Dispute with Municipal Corporation

  • 2 Answers
  • 579 Views

I bought a property a year ago that was a ground floor(177 sq m) in a 4 floor building in delhi. It was old constructed (144 sq m) and floor was not in a position to live. so i started renovating it and without any permission from municipal corporation i extended a room in the open area i.e verandah and covered nearly 12 sq.m. in my premises. I got a letter from municipal corporation regarding unauthorized construction going on of all the floors though only the fourth floor was under construction at that time and it was lantered by the time i bought the ground floor. I came to know that it was unauthorized and the complaint was basically for his fault. But municipal corporation booked whole building and after that i came to know through an assessment(self assessment property tax form 2006-07) from municipal corporation that my house tax was paid for a covered area of around 107 sq m.

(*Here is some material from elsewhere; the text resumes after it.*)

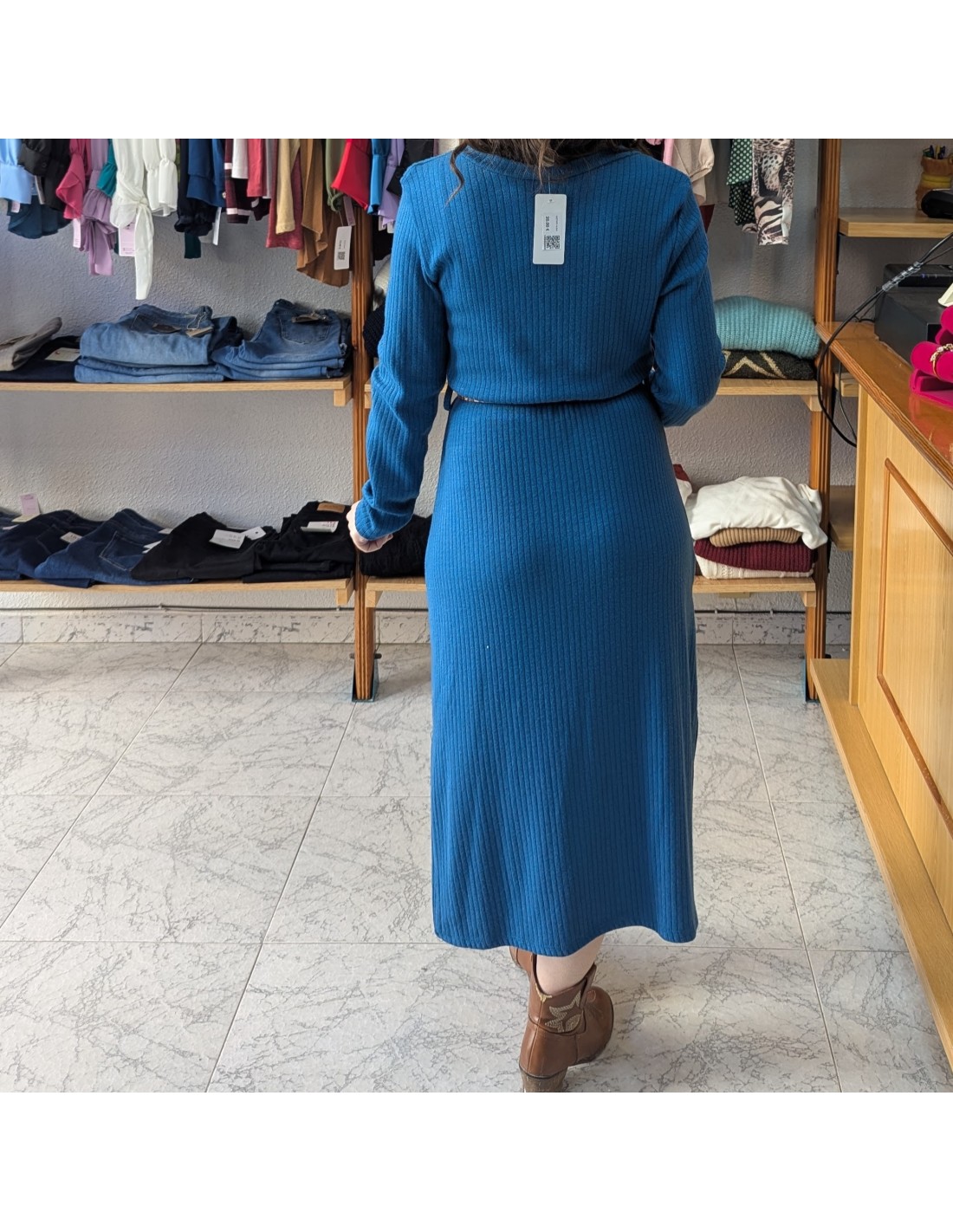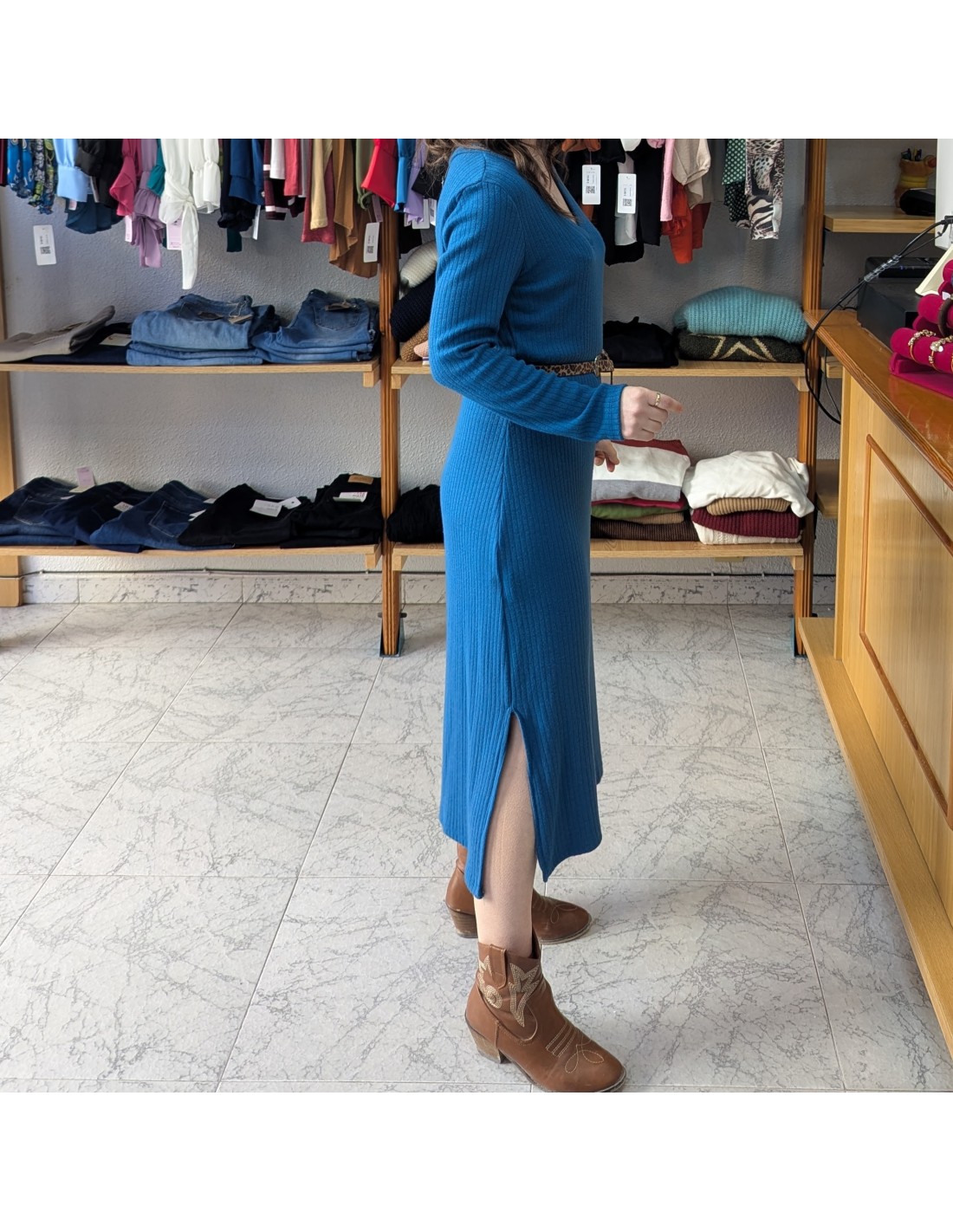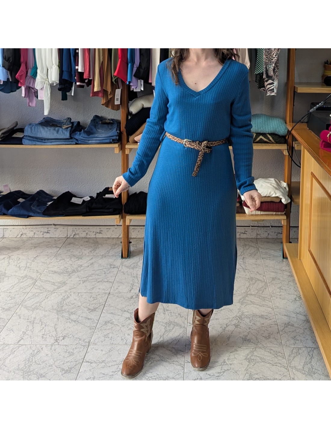 Vestido de largo midi de punto canalé en azul con escote en V y manga larga. Incluye un cinturón fino con estampado de leopardo.

Then i got to know through municipal corporation and my early land lords that an assessment was done in around 1980's which shows a covered area of 77 sq mt. Now the Municipal corporation says that the data does not tally to actual construction stating this it sent a letter to whole building to demolish the unauthorized construction. I however am willing to give the penalty for my construction if it is a way to rectify my mistake. I do not how to proceed into this and i do not have any map sanctioned. Is there any way i can get my property regularized and i do not wish any demolition to take place.

Answers 2

The Municipal Corporation of Delhi is acting within its rights while ordering a demolition of the unauthorised illegal construction of the building. However, since such construction can be dated to over two decades you may prefer a petition before the Court to prevent the demolition of such building. The High Court is known to have passed several judgements against the Municipal Corporation of Delhi concerning demolition of buildings. In the opinion of the High Court, such demolition only causes more hardship to the common people, hence this could be a valid recourse to seek remedy.

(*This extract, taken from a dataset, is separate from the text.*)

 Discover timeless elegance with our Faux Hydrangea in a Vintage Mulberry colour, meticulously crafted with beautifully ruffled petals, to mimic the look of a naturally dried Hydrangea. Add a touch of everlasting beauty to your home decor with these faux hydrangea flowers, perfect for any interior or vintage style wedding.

Agree Comment 0 Agrees almost 4 years ago

The Municipal Laws regulating the building construction activities have been enacted to achieve a larger purpose of public health, safety and general welfare. Any violation of zoning and regulation laws, takes a toll in terms of public welfare and convenience being sacrificed apart from the risk, inconvenience and hardship which is posed to the occupants of the building. Though municipal laws permit deviation from sanctioned constructions being regularised by compounding but that is by way of exception. Only such deviations deserve to be condoned as are bona fide or are attributable to some misunderstanding or are such deviations as where the benefit gained by demolition would be far less than the disadvantage suffered. Other than these, deliberate deviations do not deserve to be condoned and compounded. At the time of planning, experts in the field of town planning take into account various aspects, such as, healthy living, environment, lung space need, land use intensity, areas where the residential houses are to be built and where the commercial buildings are to be located, the need of household industries etc. The violation of the floor space index, will result in undue strain on the civil amenities such as water, electricity, sewage collection and disposal. The waiver of requirements regarding fire stair case and other fire prevention and fire fighting measures would seriously endanger the occupants resulting in the building becoming a very veritable death trap.

So, you need to establish in your representation before Municipal authorities that regularizing or sanctioning your unauthorised area will not hamper the surrounding environment and not cause any other disturbances as mentioned above, then only you will be able to get your additional 100 Sq. m area sanctioned. As the Court cannot remain a mute spectator when the violations also affect the environment  and healthy living of law-abiders. If the laws are not enforced and the orders of the Court to enforce and implement the laws are ignored, the result can only be total lawlessness.

W.P.Nos.33697 of 2014 and 941 of 2015, Madras High Court.